Probable Effect of Limited RHS Planning Officials said RHS has not fully planned because maturing mortgages will peak after 10 years (2028). Yet, high percentage of exits suggest current planning efforts are insufficient. Year Percentage of properties with maturing mortgages that exited, by year 2014 71% 2015 63% 2016 58% 2017 60% Average 61% While some owners may choose to leave the program regardless of options and incentives RHS offers, the high percentage of exits between 2014-2017 suggest current planning efforts are not sufficient.

Congressional interest in expanding tenant protections In 2016, H.R 4908 would have allowed RHS to continue providing rental assistance to properties after loans matured or to provide vouchers to tenants under different circumstances, including mortgage maturity. An identical bill (S. 2783) was introduced in the Senate in 2016. Congress has taken other actions to protect tenants: For example, beginning in FY 2006, Congress authorized RHS to provide vouchers to tenants affected by loan prepayments.

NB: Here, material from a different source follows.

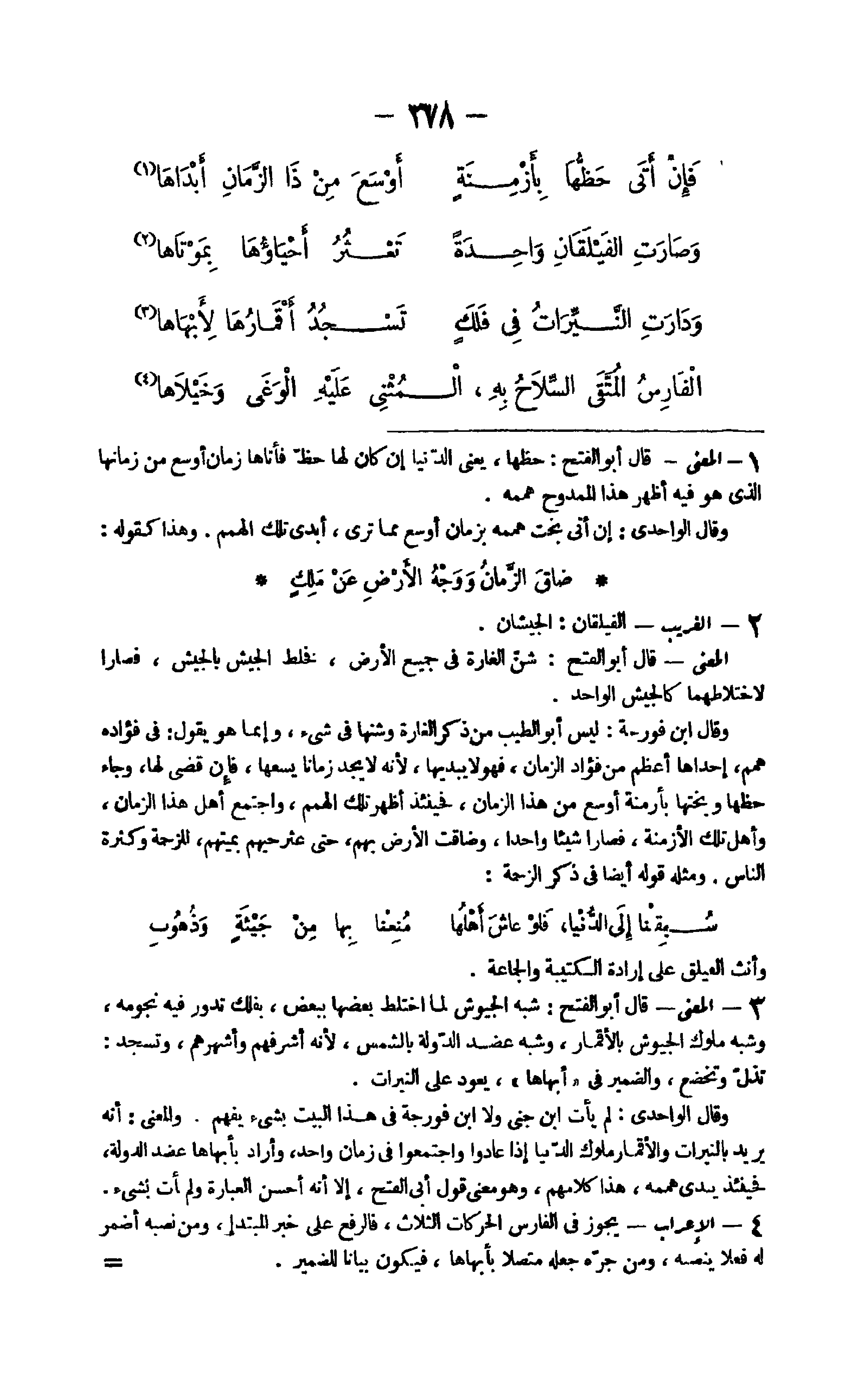 37 - الْغَرِيب الفليقان الجيشان الْمَعْنى قَالَ أَبُو الْفَتْح شن الْغَارة فِي جَمِيع الأَرْض فخلط الْجَيْش بالجيش فصارا لاختلاطهما كالجيش الْوَاحِد وَقَالَ ابْن فورجة لَيْسَ أَبُو الطّيب من ذكر الْغَارة وشنها فِي شَيْء وَإِنَّمَا هُوَ يَقُول فِي فُؤَاده همم إِحْدَاهَا أعظم من فؤاد الزَّمَان فَهُوَ لَا يبديها لِأَنَّهُ لَا يجد زَمَانا يَسعهَا فَإِن قضى لَهَا وَجَاء حظها وبختها بأزمنة أوسع من هَذَا الزَّمَان فَحِينَئِذٍ أظهر تِلْكَ الهمم وَاجْتمعَ أهل هَذَا الزَّمَان وَأهل تِلْكَ الْأَزْمِنَة فَصَارَ شَيْئا وَاحِدًا وَضَاقَتْ الأَرْض بهم حَتَّى عثر حيهم بميتهم للزحمة وَكَثْرَة النَّاس وَمثله قَوْله أَيْضا فِي ذكر الزحمة

H.R. 4908 (114th Congress), Rural Housing Preservation Act of 2016, April 12, 2016: In exchange for accepting rental assistance payments on behalf of eligible tenants, the legislation would have required the property owners to enter into an agreement with RHS to ensure that the property remained subject to low-income use restrictions for an additional period of time. No action on this legislation was taken. An identical bill, S. 2783 (114th Cong.), was introduced in the Senate at the same time. As with H. R. 4908, no action was taken on S. 2783. In 2011, Congress created Rental Assistance Demonstration (RAD). Before the RAD program, HUD had limited authority to extend rental assistance at these properties when contracts expired or owners terminated contracts. RAD allowed HUD to continue providing rental assistance to property owners after the original contracts expired. Rental assistance contracts under programs that use RAD were similar to RHS’s Section 515.

Recommendations Establish additional data controls to ensure accuracy Create a process for regularly updating Preservation Tool data Develop performance goals and measures for its preservation efforts Monitor the results of its preservation efforts Identify, analyze, and respond to risks to achieving its preservation goals 1. Establish additional controls to check the accuracy of all loan information entered into RHS information technology systems, to help ensure complete, accurate, and reliable data for estimating rural rental housing property exit dates. 2. RHS should establish a process to help ensure regular and frequent updates for the preservation tool and its underlying data. 3. Establish performance goals and measures for its rural rental housing preservation and rehabilitation efforts and report out these outcomes. 4. Monitor the results of rural rental housing preservation efforts and assess the degree to which those efforts yielded intended outcomes. 5. Identify, analyze, and respond to risks to achieving its preservation goals, including resource and staffing limitations.

Matter for Congressional Consideration For RHS properties whose mortgages have matured, Congress should consider granting RHS the authority to renew annual rental assistance payments to owners who wish to continue to receive them and provide vouchers to tenants living in rental assistance units in properties whose owners choose to no longer receive rental assistance.